══ AVAILABLE DATA ══
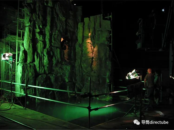 这一场景也提前用缩小比例的模型做出来,随后在松林制片厂Pinewood Studios中也搭建出了一个50英尺x50英尺的水池用于拍摄实景,此处的灯光主要为黄色照明棒提供。
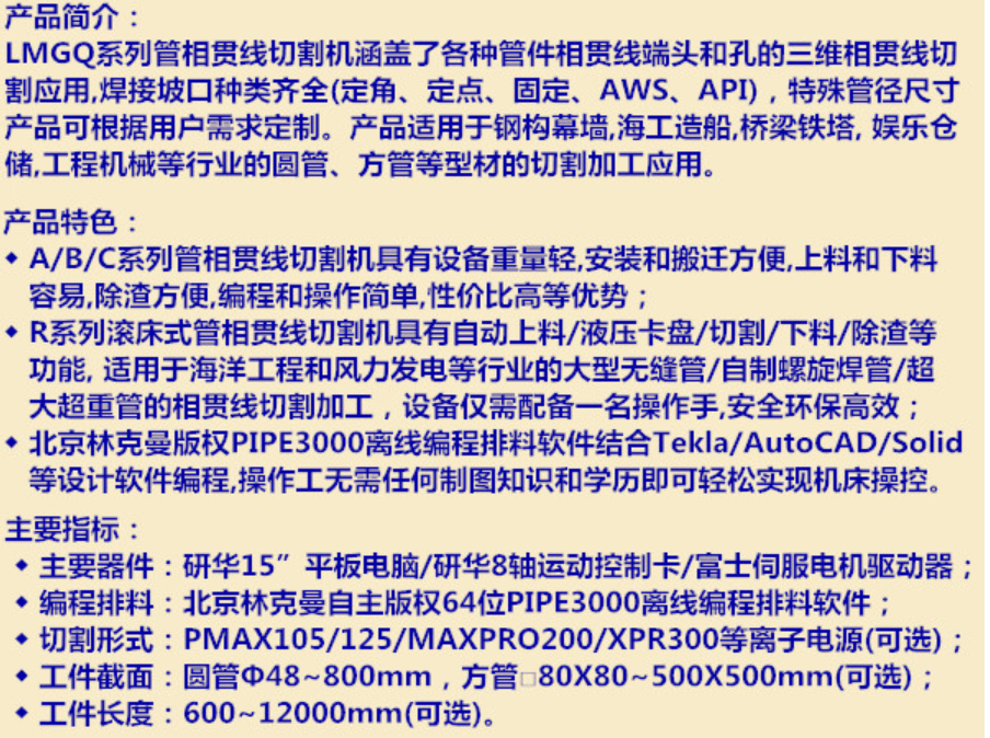 林克曼 LMGQ-4~6轴圆管相贯线切割机
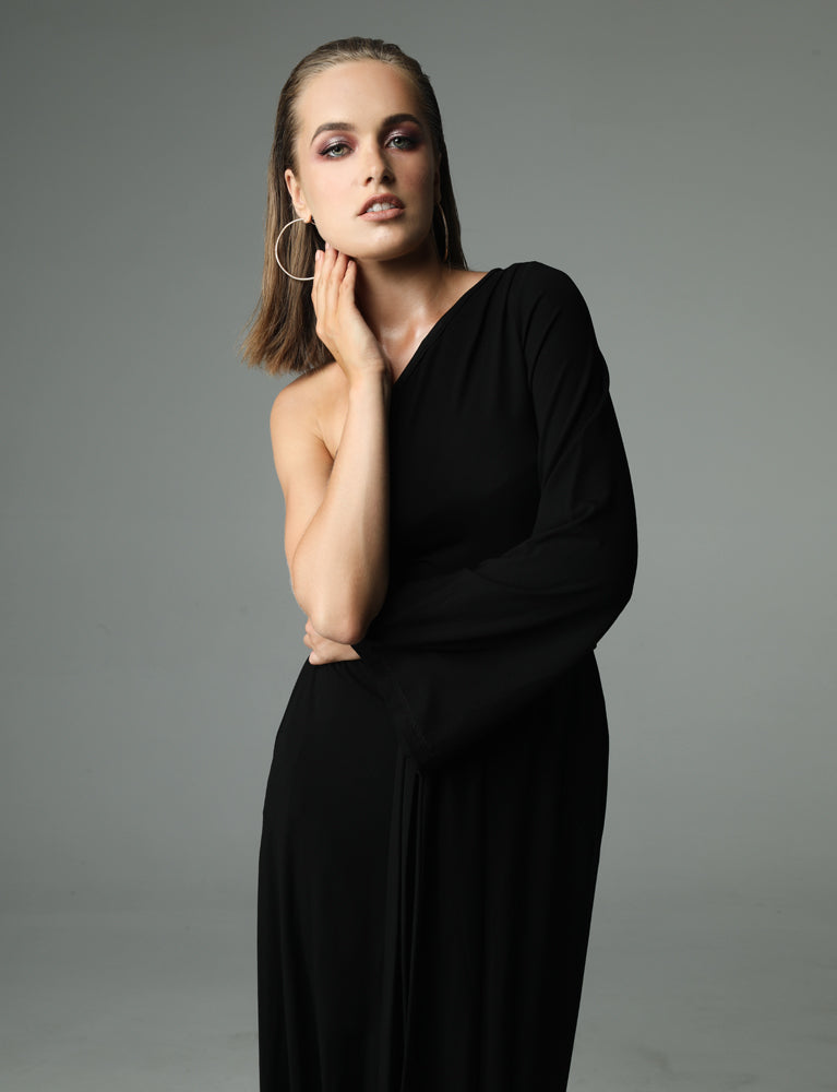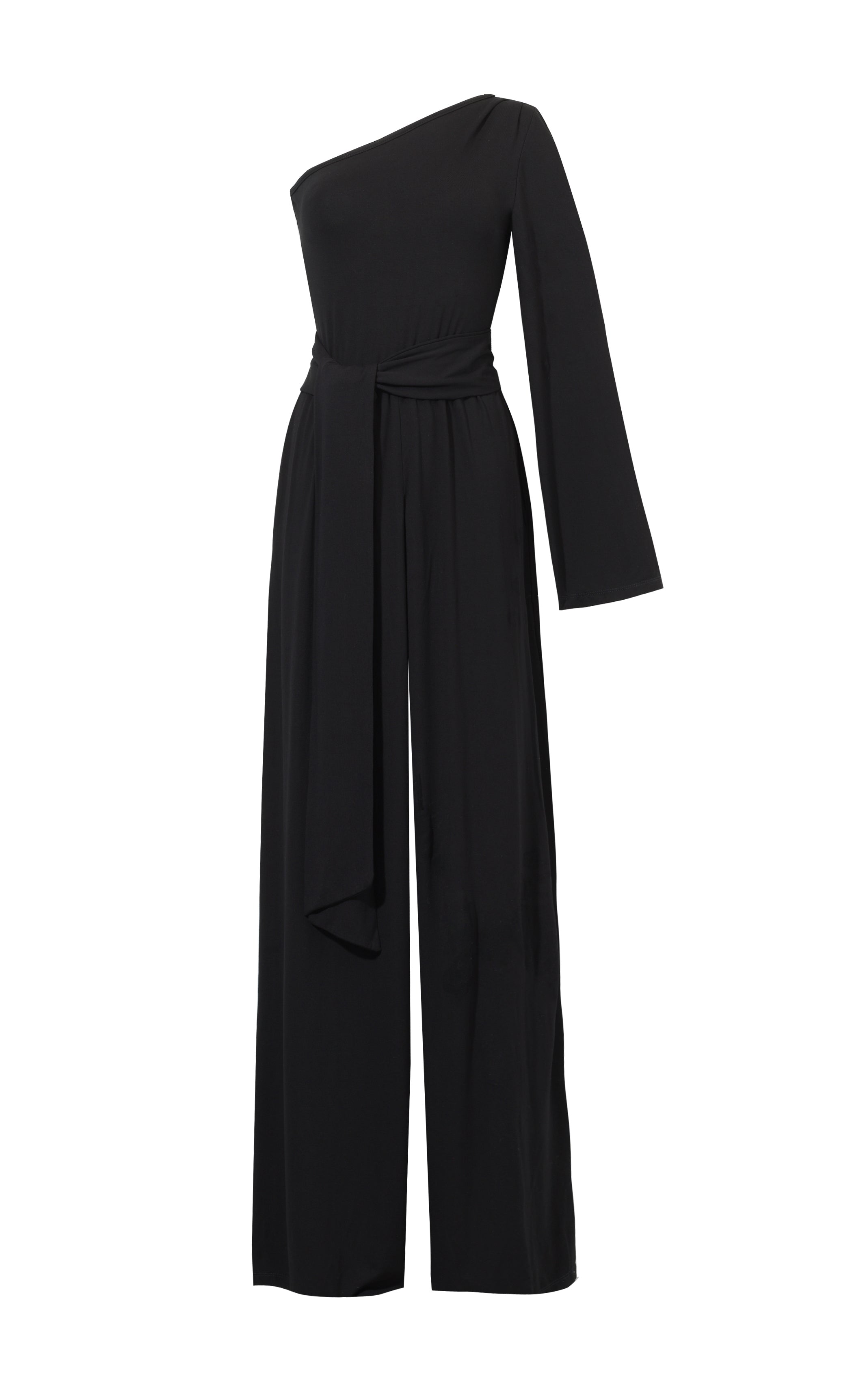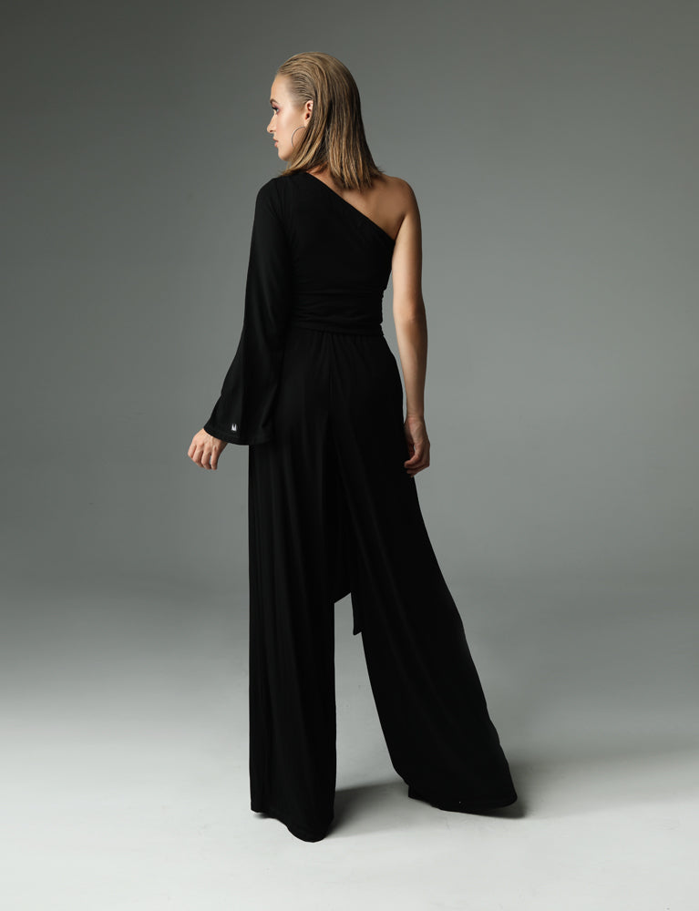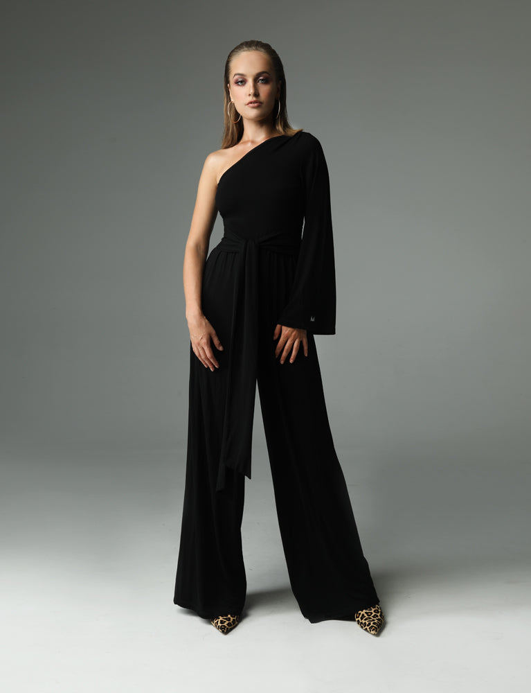 Kombinezon na jedno ramię z szerokimi stylowymi nogawkami i szerokim rękawem. Ma kieszenie w szwach bocznych i pasek w zestawie.
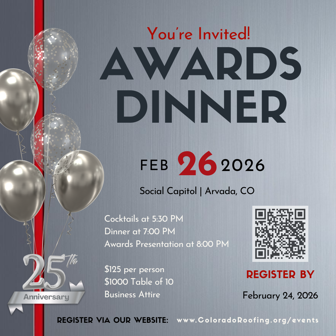 Get ready for an unforgettable evening as we celebrate the “Best of the Best” in Colorado’s roofing projects and shine a spotlight on the incredible achievements of our members! We’ll be recognizing top contractors in both steep and low-slope roofing and honoring one outstanding individual with a prestigious lifetime achievement award for their amazing contributions to Colorado’s roofing industry!
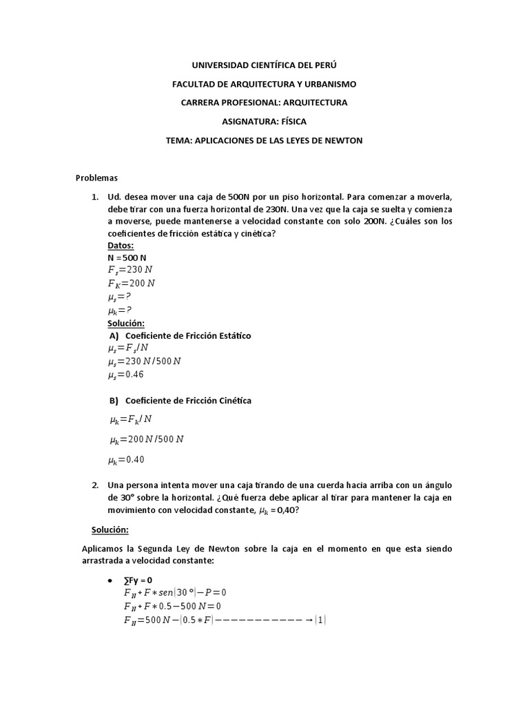 1. Ud. desea mover una caja de 500N por un piso horizontal. Para comenzar a moverla,
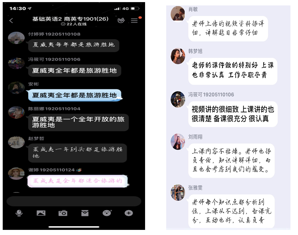 “有互动,有参与,学生才能打开耳朵,打开心扉 。隔着屏幕,看不到学生的表情,监督不了学生上课的状态,只有通过高频次的互动,才能抓住他们。”36365线路检测中心入口的老师们是这么说的,也是这么做的,课堂,课间、课后36365线路检测中心入口老师与学生的学习实时保持着互动,关注学生的学习动态。
═══
Keep the pictures out, and write out the rest of the data above word for word.

 这一场景也提前用缩小比例的模型做出来,随后在松林制片厂Pinewood Studios中也搭建出了一个50英尺x50英尺的水池用于拍摄实景,此处的灯光主要为黄色照明棒提供。
 林克曼 LMGQ-4~6轴圆管相贯线切割机
 Kombinezon na jedno ramię z szerokimi stylowymi nogawkami i szerokim rękawem. Ma kieszenie w szwach bocznych i pasek w zestawie.
 Get ready for an unforgettable evening as we celebrate the “Best of the Best” in Colorado’s roofing projects and shine a spotlight on the incredible achievements of our members! We’ll be recognizing top contractors in both steep and low-slope roofing and honoring one outstanding individual with a prestigious lifetime achievement award for their amazing contributions to Colorado’s roofing industry!
 1. Ud. desea mover una caja de 500N por un piso horizontal. Para comenzar a moverla,
 “有互动,有参与,学生才能打开耳朵,打开心扉 。隔着屏幕,看不到学生的表情,监督不了学生上课的状态,只有通过高频次的互动,才能抓住他们。”36365线路检测中心入口的老师们是这么说的,也是这么做的,课堂,课间、课后36365线路检测中心入口老师与学生的学习实时保持着互动,关注学生的学习动态。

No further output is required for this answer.